▸ Material for this exercise
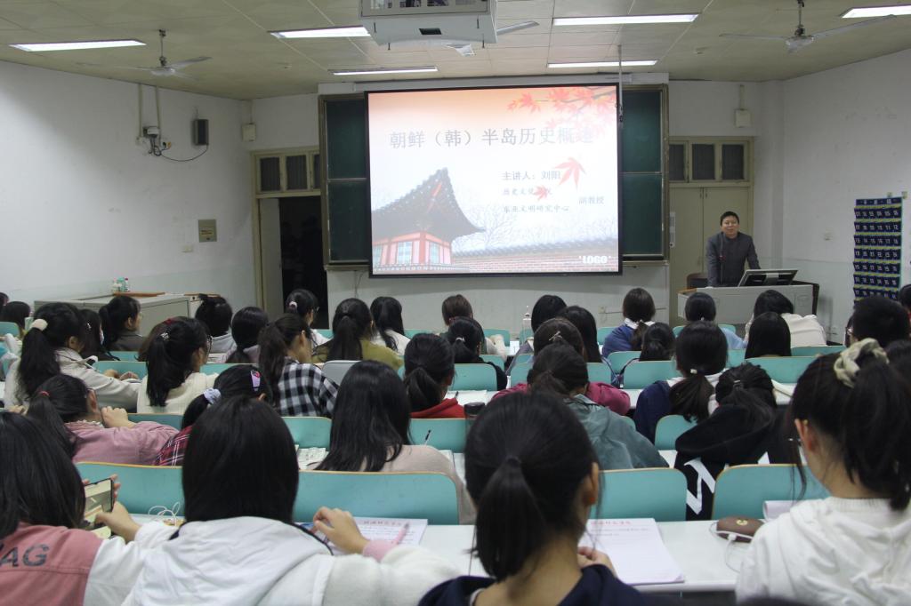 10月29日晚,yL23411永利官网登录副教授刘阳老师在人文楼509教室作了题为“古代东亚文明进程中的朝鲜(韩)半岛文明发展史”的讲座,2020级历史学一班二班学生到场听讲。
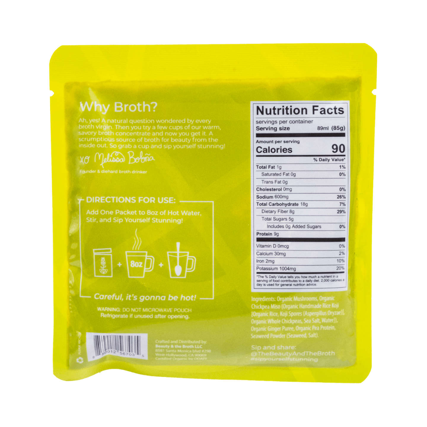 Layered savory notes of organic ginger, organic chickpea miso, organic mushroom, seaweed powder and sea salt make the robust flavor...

--

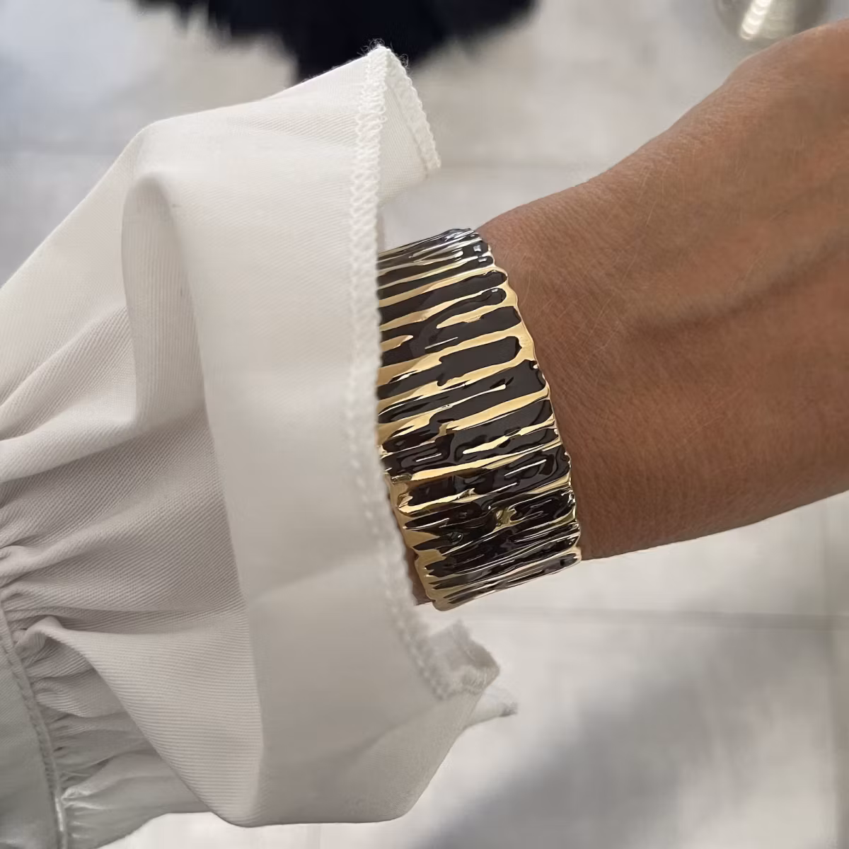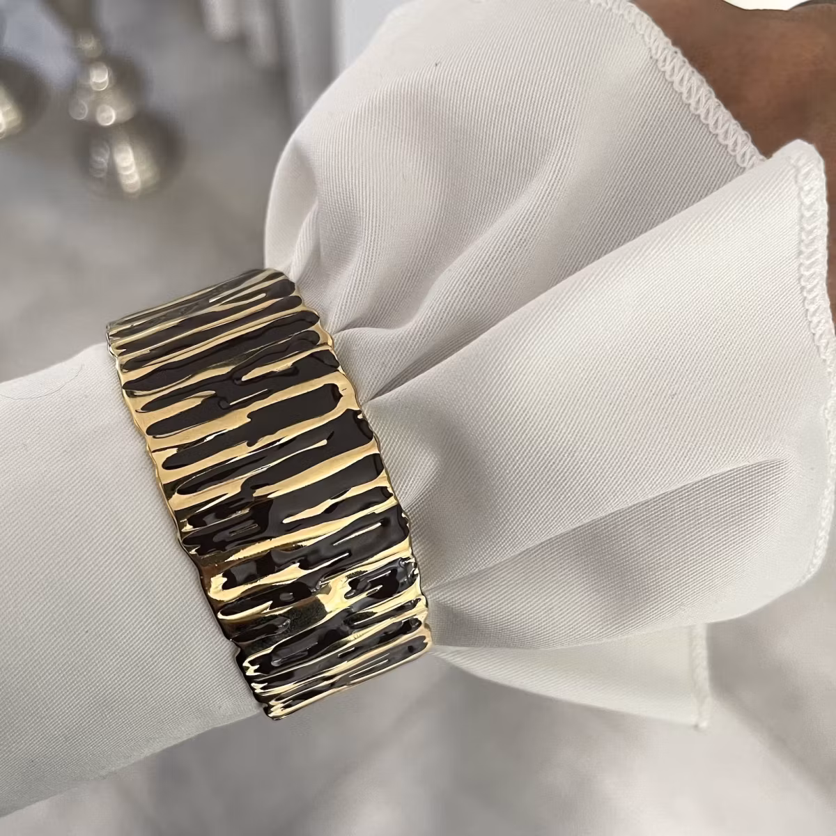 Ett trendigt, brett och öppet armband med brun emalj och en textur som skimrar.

* * *

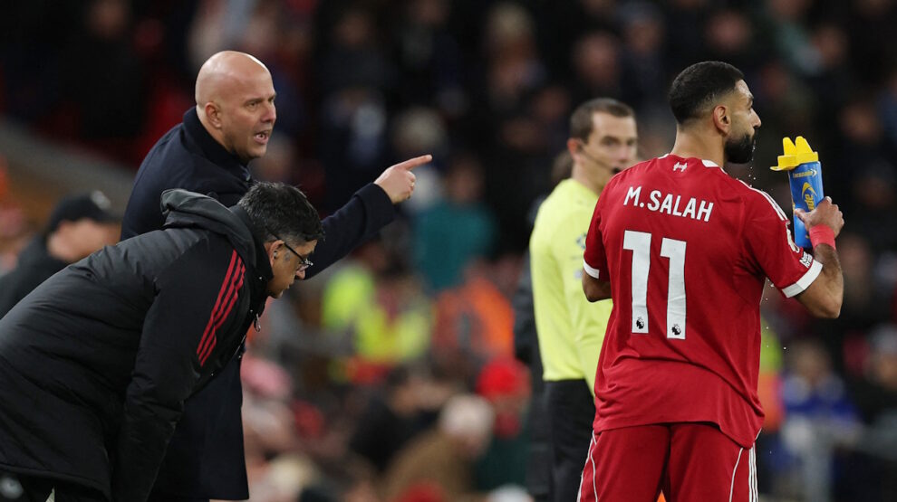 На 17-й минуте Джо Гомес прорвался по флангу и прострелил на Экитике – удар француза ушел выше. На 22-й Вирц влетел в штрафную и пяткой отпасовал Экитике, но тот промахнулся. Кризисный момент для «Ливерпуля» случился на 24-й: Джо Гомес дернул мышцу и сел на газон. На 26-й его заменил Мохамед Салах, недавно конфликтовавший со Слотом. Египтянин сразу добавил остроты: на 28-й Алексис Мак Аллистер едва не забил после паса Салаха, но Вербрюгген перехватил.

▸ Exercise directions
Look above for the line containing "10月29日晚,yL2341", then write out every line from there down to the line containing "Layered savory notes", that line included, with no pictures.

▸ Task answer
 10月29日晚,yL23411永利官网登录副教授刘阳老师在人文楼509教室作了题为“古代东亚文明进程中的朝鲜(韩)半岛文明发展史”的讲座,2020级历史学一班二班学生到场听讲。
 Layered savory notes of organic ginger, organic chickpea miso, organic mushroom, seaweed powder and sea salt make the robust flavor...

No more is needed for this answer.